With the modern invention of Krazy Glue I repaired the broken handle in a way the previous owner couldn't have ever imagined, and put the bowl back to use to hold fruit on my table.
This is everything I found that day:
Included is a very interesting bottle, the brown Huebner beer bottle from Toledo has a joke written on the bottom - under "Contents 12 Fluid Ounces" it reads "Pure and without Drugs or Poison" this may sound like a serious claim to us imagining the backward nature of these old times, but it's not a serious claim, it's a joke. The "Pure and without Drugs or Poison" is a jab at the Temperance Movement who made absurd claims including that beer contained drugs and poison, which was widely understood to be complete nonsense and shoudn't be used be as an excuse to enact prohibition which hadn't been passed yet, but was getting close.
The metal cross with swords is a 1917 Croix de Guerre, if you ever needed proof that many WWI veterans threw away their medals after returning home look no further. This medal for bravery could only have ended up here if it was intentionally thrown away.
A soldier wearing a Croix de Guerre:
The ten pin bottle is an interesting piece as well, it is from the Carl H. Schwartz Central Park Mineral Spring.
In 1868 there was a natural spring that flowed in NYC's Central Park and a large wooden pavilion was built around it.
You could buy the water from this pavilion until the 1920's in these bottles which retained this same design for the entirety of its operations, starting with hand blown blob-top bottles and ending with the machined crown top pictured above.
The pavilion was demolished in the 1950's after serving as a candy and soda shop for 30 years after the spring water operation stopped.

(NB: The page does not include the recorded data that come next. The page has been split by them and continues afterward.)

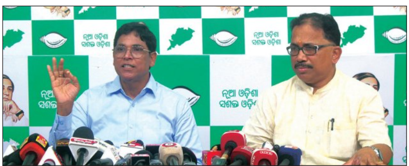
ଓଡ଼ିଶାକୁ କେନ୍ଦ୍ରୀୟ ଅନୁଦାନ ହ୍ରାସ ପାଇବାର ସମ୍ଭାବନା ରହିଛି।

ଭୁବନେଶ୍ୱର, ୧୭।୬ (ସମ୍ପାଦକ): ଓଡ଼ିଶାକୁ କେନ୍ଦ୍ରୀୟ ଅନୁଦାନ କମିବା ଉଦ୍ଦେଶ୍ୟରେ କେନ୍ଦ୍ର ସରକାରର ଉଦ୍ଦେଶ୍ୟରେ କେନ୍ଦ୍ରୀୟ ଅନୁଦାନ ହ୍ରାସ ପାଇବାର ସମ୍ଭାବନା ରହିଛି।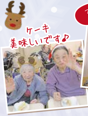
ケーキ 美味しいです♪

今年のクリスマス会も「ハレ」のケーキを召し上がっていただきました。毎年とても喜んでいただいております。クリスマスの歌も歌って楽しんでいただけました。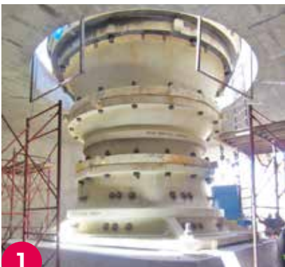
1 Instalación de una trituradora giratoria marca METSO. Mina de Cobre, Grupo México, Cananea, México.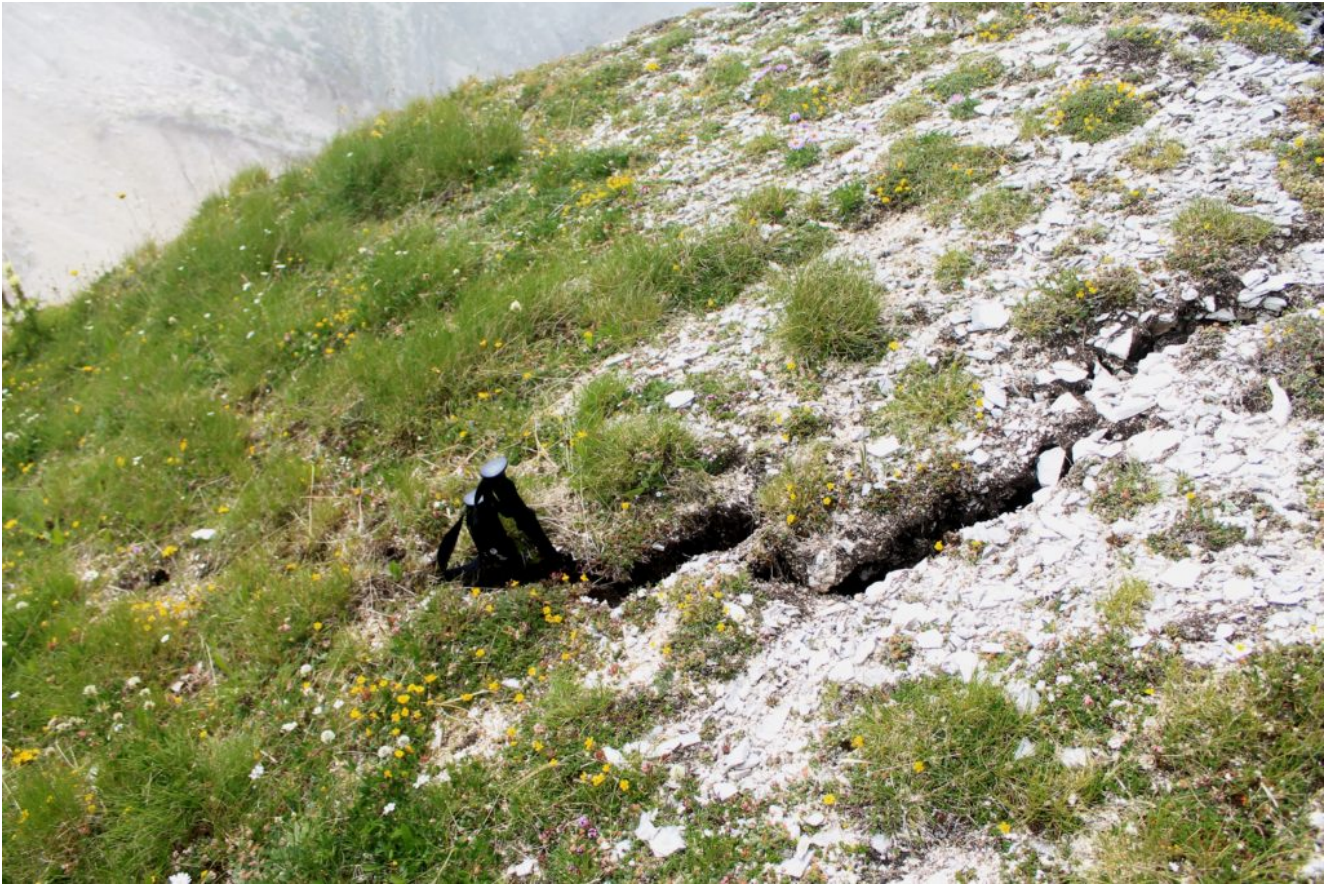
18- Un'altra fenditura in prossimità della cresta di Passo Cattivo, ci entrano i bastoncini per tutta la loro lunghezza !!!

The rectangular Nujol bottle was a health supplement made by Standard Oil. It was litterally just distilled crude oil that without a doubt was loaded with carcinogens. Sold for cheap it was snatched up by people on a budget in place of more expensive and safer health oils like Cod Liver Oil. I don't know how the 1906-founded FDA permitted the sale of Nujol through the first half of the 20th century, but it probably came down to bribes, and lots of them.